От автора

Когда количество расследованных уголовных переваливает за первую сотню, приходит понимание, что десятки судеб, изученных в ходе следствия, оставляют в твоей душе след. Хороший или плохой - сказать сложно, ибо опыт - всегда опыт, даже если он ранит. Основное в работе следователя - люди. При этом каждая человеческая история совершенно уникальна, неповторима. И совсем неважно, история это рецидивиста-уголовника или впервые попавшего под следствие подростка. "Ты должна добиться того, чтобы человек захотел разговаривать с тобой. Именно с ТОБОЙ", - так меня учила наставница - подполковник. Это и стало главным принципом работы: диалог, способность наладить контакт. Даже с тем, кто вообще забыл, что такое человеческое общение и стал подобен дикому зверю.

среда, 7 января 2009 г.

«ПОДОНКИ»

Старушка, сгорбившись, сидела на кровати. Ладони, закрывавшие лицо, дрожали. Слезы выкатывались, капали на колени.
- За всю жизнь никому плохого слова не сказала. За что? - шептала она.
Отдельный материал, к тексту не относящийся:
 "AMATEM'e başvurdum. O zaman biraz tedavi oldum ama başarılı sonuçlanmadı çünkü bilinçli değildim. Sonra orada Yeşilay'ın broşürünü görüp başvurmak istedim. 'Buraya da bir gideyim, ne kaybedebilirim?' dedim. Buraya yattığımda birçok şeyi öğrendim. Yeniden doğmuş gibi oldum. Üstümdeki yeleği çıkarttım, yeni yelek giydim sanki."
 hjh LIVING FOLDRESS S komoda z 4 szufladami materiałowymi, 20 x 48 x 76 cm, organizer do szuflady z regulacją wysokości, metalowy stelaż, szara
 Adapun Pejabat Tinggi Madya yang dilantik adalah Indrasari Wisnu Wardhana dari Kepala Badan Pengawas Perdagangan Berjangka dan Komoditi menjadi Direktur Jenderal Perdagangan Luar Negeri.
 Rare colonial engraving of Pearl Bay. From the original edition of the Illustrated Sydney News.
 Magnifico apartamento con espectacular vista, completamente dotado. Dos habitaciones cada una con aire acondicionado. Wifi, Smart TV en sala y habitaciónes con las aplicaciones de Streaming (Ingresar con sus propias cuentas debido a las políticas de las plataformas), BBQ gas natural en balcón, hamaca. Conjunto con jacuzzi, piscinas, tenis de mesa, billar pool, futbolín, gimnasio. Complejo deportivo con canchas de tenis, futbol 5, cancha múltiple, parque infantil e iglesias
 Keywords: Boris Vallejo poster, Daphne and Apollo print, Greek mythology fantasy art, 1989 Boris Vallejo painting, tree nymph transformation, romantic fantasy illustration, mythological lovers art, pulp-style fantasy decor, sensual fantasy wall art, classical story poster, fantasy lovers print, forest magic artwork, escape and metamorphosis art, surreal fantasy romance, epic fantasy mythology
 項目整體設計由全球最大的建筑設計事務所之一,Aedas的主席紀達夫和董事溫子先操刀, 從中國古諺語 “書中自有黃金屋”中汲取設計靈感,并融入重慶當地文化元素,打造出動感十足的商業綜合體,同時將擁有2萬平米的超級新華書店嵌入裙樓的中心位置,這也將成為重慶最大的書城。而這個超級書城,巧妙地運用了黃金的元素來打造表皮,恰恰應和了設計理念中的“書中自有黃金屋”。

Ответа не находилось. У бабы Маши я была не в гостях, приехала на вызов в составе следственно-оперативной группы. Рано утром какие-то сволочи ворвались в ее дом, избили, забрали все более или менее ценное имущество, а потом еще долго пытали, пытаясь добиться, где она прячет деньги и золото
- Какие деньги, нет их у меня, а золото я за всю жизнь ни разу не нашивала, - убеждала она мучителей.
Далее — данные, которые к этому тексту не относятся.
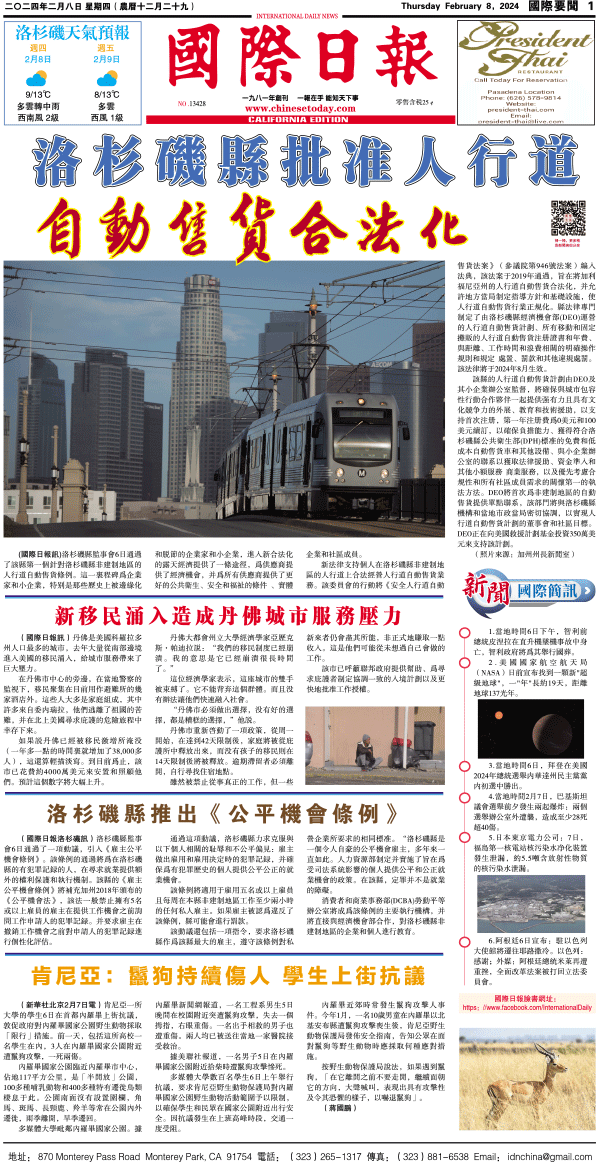 8日國際日報1-國際要聞 发布日期:2024/2/9 来源:國際日報 打印
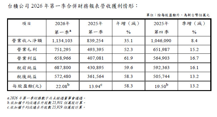 ▼台積公司2026 年第一季合併財務報表營收獲利情形。(圖/台積電提供)
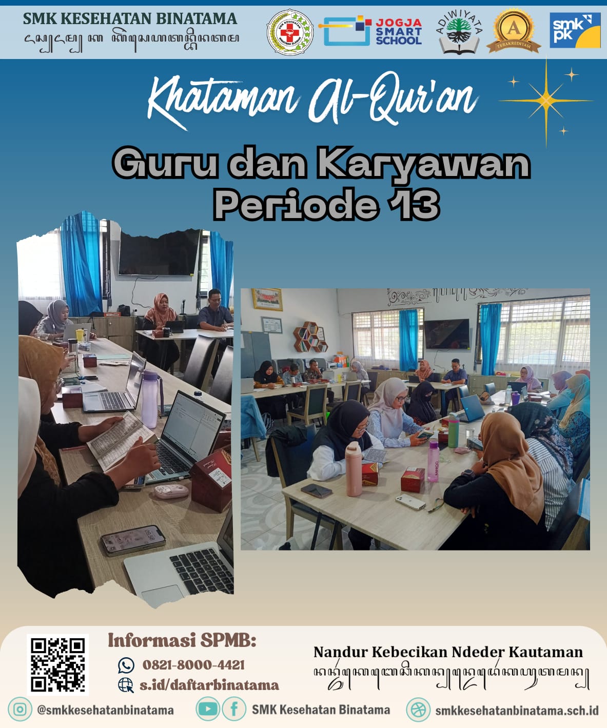 Kegiatan Khataman Al-Qur’an Periode ke-13 ini menjadi bukti nyata komitmen SMKS Kesehatan Binatama dalam menyeimbangkan aspek akademik dan spiritual, sehingga tercipta lingkungan pendidikan yang tidak hanya unggul secara kompetensi, tetapi juga kuat dalam karakter dan nilai keagamaan.

Ответ только еще больше злил бандитов, они снова принимались бить, выкручивать руки, и душить. Когда бабушка потеряла сознание, кинулись складывать в мешки все, что попадалось под руку: антенну к телевизору, постельное белье, куски мыла. Из холодильника забрали десяток яиц, булку хлеба. Спохватившись, обшарили сарай, нашли бензопилу. Придя в себя, баба Маша кое-как добралась до окна, навалилась на раму и вытолкнула ее на улицу. Зазвенели стекла, затрещали ветки кустов.
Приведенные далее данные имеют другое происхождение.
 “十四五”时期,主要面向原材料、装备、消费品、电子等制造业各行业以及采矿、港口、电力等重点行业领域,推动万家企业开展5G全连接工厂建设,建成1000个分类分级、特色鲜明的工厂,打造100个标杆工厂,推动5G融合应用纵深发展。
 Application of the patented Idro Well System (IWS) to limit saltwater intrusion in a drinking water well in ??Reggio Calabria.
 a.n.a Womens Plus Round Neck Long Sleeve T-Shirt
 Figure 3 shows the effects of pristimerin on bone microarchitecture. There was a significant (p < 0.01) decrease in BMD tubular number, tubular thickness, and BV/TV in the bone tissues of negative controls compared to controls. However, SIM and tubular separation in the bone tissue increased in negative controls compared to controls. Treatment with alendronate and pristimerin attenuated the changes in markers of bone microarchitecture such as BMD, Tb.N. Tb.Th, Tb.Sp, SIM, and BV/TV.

- Помогите, убивают, - что есть силы закричала она, понимая, что надеяться больше не на что.
В ту же секунду две черные тени метнулись со двора прочь, а в окнах домов стали показываться заспанные лица соседей. Они-то и вызвали милицию…
- Мария Матвеевна, вы совсем одна живете?
- Одна. Дочь есть, внуки взрослые. Отдельно живут. Меня не забывают, навещают каждый день, грех жаловаться.
- Что ж замок - то такой плохой? Собака во дворе несерьезная, какой толк от такой маленькой?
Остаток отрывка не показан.